The Gateways Music Festival Orchestra makes its Carnegie Hall debut


History was made on Sunday at Carnegie Hall. For the first time, the Rochester base Bridges Music Festival the orchestra was able to perform in the famous New York concert hall

Gateways was created almost 30 years ago to support classical musicians of African descent, especially when they are often underrepresented in orchestras. Gateways President and Artistic Director Lee Koonce told the Carnegie Hall crowd that he hopes events like this inspire and inform.

“Our musicians are multicultural, multilingual and multinational people from the African Diaspora who challenge the status quo and preconceptions about classical music.

Kayla Sconiers is a 2nd year vocal student at the Eastman School of Music. She was among members of the Eastman Black Student Union who worked side-by-side with the Gateways musicians last week, and she said the experience helped motivate her.

“Working with all the musicians is such an inspiration because growing up I never got to see people who looked like me on stage, so I was never able to step into their shoes,” Sconiers said. “But now seeing them is such an inspiration and it drives me forward now.”

Sconiers hopes the representation of people of color in the classical music world will increase, and she said performances like the Gateways Orchestra can help motivate kids who watch concerts like the one at Carnegie Hall.

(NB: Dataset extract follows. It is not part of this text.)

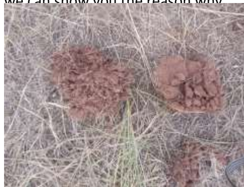
Left 4" monthly plot, Right 1" bi-weekly plot

So if you need additional incentive to not graze your pastures lower than 3 – 4" stubble height, we can show you the reason why.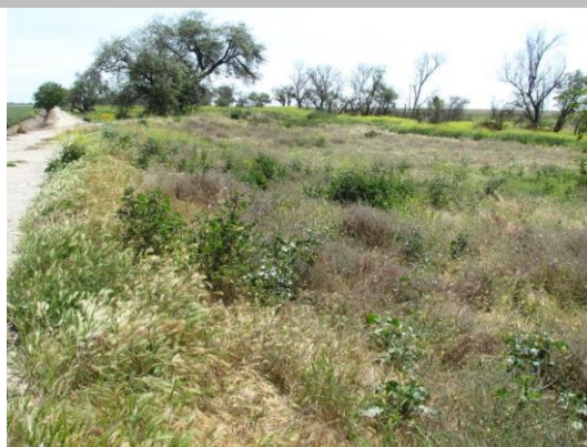
Looking upstream levee mile 0.00-1.51 tall weeds on the shoulder and slope water ward.

The Sunday concert was simulcast on WXXI Classic and New York Radio Station WQXR who were the media sponsors of the event.

Gateways Orchestra principal clarinet and board member Alex Laing told WQXR that in addition to making great music, it was important that these musicians, from across the country, come together for this concert.

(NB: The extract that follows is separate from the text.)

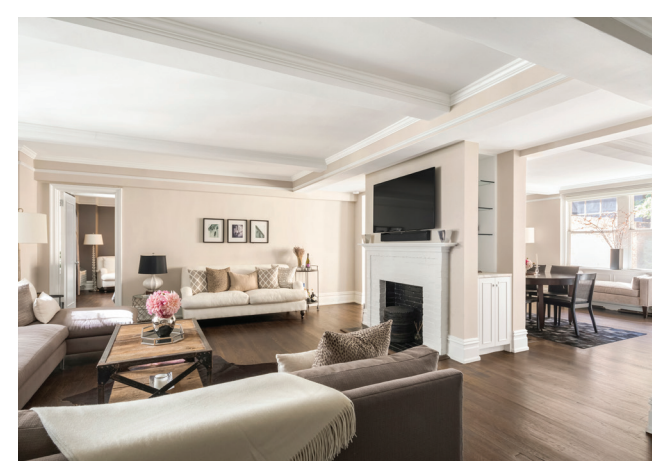
BrownHarrisStevens.com WEB# 17520884

“Besides bringing us together to make joyous noise, besides bringing together an often geographically separated but spiritually connected community, it allows for an intellectual exchange that captivates us and that we also find in others,” Laing said.

Anthony Parnther is the new conductor of the Gateways Orchestra, appointed to the post after the death of longtime music director Michael Morgan last year.

Parnther said the Gateways Music Festival continues to expand its offerings, and maybe at some point it can even take another road trip.

“I would love to record, especially literature, which has been underrecorded or not recorded at all, by underrepresented composers,” Parnther said. “And I would like to see this orchestra, personally, go on tour, so that audiences outside of New York State have the privilege of witnessing the power and beauty of such a special ensemble.”

Sunday’s event also included a piano performance with the orchestra of Jon Batiste, the composer, musician and bandleader of the Late Show with Stephen Colbert. Batiste performed his work, I can.